Мы все довольно торжественно прошли с своими приношениями через маленькую гостиную и коридорчик и вступили в комнату новорожденной. Комната эта была вся освежена и глядела олицетворением девственного праздника Мани. На окнах были новые белые кисейные занавески с пышными оборками наверху и с такими же буфами у подвязей; посередине окна, ближе к ясеневой кроватке Мани, на длинной медной проволоке висела металлическая клетка, в которой порхала подаренная бабушкой желтенькая канарейка; весь угол комнаты, в котором стояла кровать, был драпирован новым голубым французским ситцем, и над этою драпировкою, в самом угле, склоняясь на Манино изголовье, висело большое черное распятие с вырезанною из слоновой кости белою фигурою Христа. Вся девственная постелька Мани, ничем, впрочем, не отличавшаяся от постели Иды Ивановны, была бела как кипень, и в головах ее стоял небольшой стол, весь сверху донизу обделанный белою кисеею с буфами, оборками и широкими розовыми лентами по углам. На этом столе посредине помещался на большом подносе очень хороший торт с латинскими буквами М и N. Около торта размещались принесенные сегодня пастором: немецкая библия в зеленом переплете с золотым обрезом; большой красный дорогой стакан с гравированным видом Мюнхена и на нем, на белой ниточке, чья-то карточка; рабочая корзиночка с бумажкою, на которой было написано «Клара Шперлинг», и, наконец, необыкновенно искусно сделанный швейцарский домик с слюдовыми окнами, балкончиками, дверьми, загородями и камнями на крыше. На чистом липовом ящике, из которого домик этот был вынут и в который он снова мог вдвигаться, на дощечке было тщательно выписано имя Германа Вермана, а ниже год, месяц и число настоящего празднества. Рядом с этим белым столом стоял роскошный, ажурный рабочий столик, отделанный внутри зеленою тафтою. Это был подарок матери. На этом столике лежало бархатное пальто, принесенное Бертой Ивановной, и сюда же Шульц положил соболевый воротник и муфту. Я положил сочинения Пушкина к стене на белом столике, а Истомин поставил на эти книги свою картину.
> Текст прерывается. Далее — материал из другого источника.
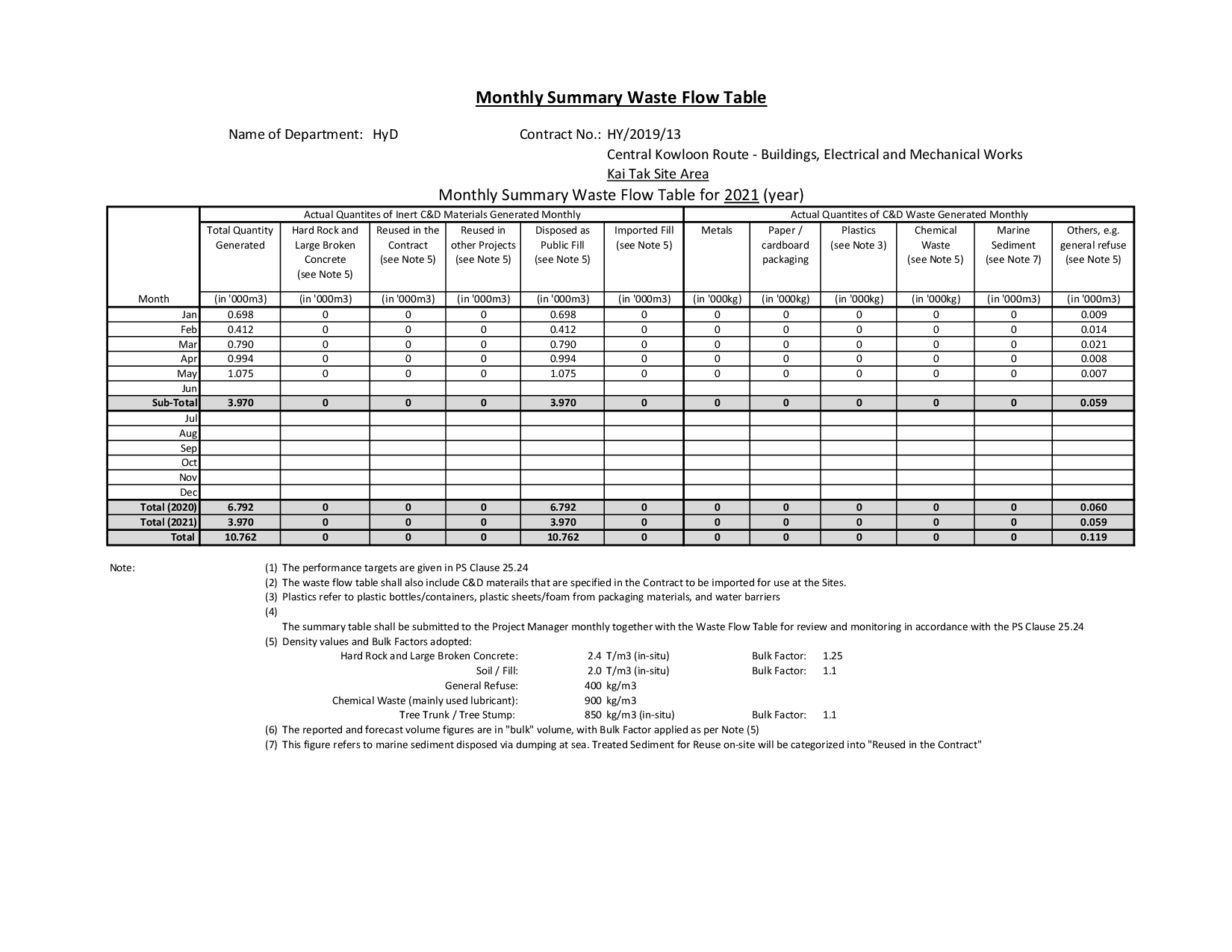 A.1 Alchmex – Paul Y Joint Venture (“Contractor”) commenced the construction works of Highway Department (HyD) Central Kowloon Route Contract No. HY/2018/02 – Section of Kai Tak East (“The Project”) on 9 September 2019. This is the 21st monthly Environmental Monitoring and Audit (EM&A) report presenting the EM&A works carried out during the period from 1 May 2021 to 31 May 2021.

– Какая прекрасная работа! – сказал он, рассматривая деревянный швейцарский домик.

– Это наш добрый Герман сделал, – отвечала ему Софья Карловна.

– Прелестная, замечательная работа! – продолжал Истомин, обращаясь к Герману.

Тот заложил большой палец правой руки в петлю своего коричневого фрака и поклонился Истомину с достоинством.

Пастор, Ида и все, кроме бабушки, были в этой комнате, и целой компанией все снова возвратились в залу, где нас ждал кофе, русский пирог с дичинным фаршем и полный завтрак со множеством всякого вина. Софья Карловна беспрестанно выбегала и суетилась, Маня сидела возле бабушки; Берта Ивановна усердно кушала, держа как-то на отлете оба тоненькие мизинца своих маленьких белых ручек. Мужчины все ели очень прилежно, но Ида Ивановна все-таки наблюдала за ними и, стоя у стола, беспрестанно подкладывала то тому, то другому новые порции.

– Ешьте, – говорила она мне, кладя второй кусок очень вкусной рыбы.

– Полноте, Ида Ивановна! не могу никак, – отпрашивался у нее я.

– Ешьте-ка, ешьте, – отвечала она с вечным своим спокойствием, не принимая от меня никаких оправданий. С другими она поступала совершенно так же, только вместо фамильярного ешьте на все их отговорки тихо отвечала им кушайте.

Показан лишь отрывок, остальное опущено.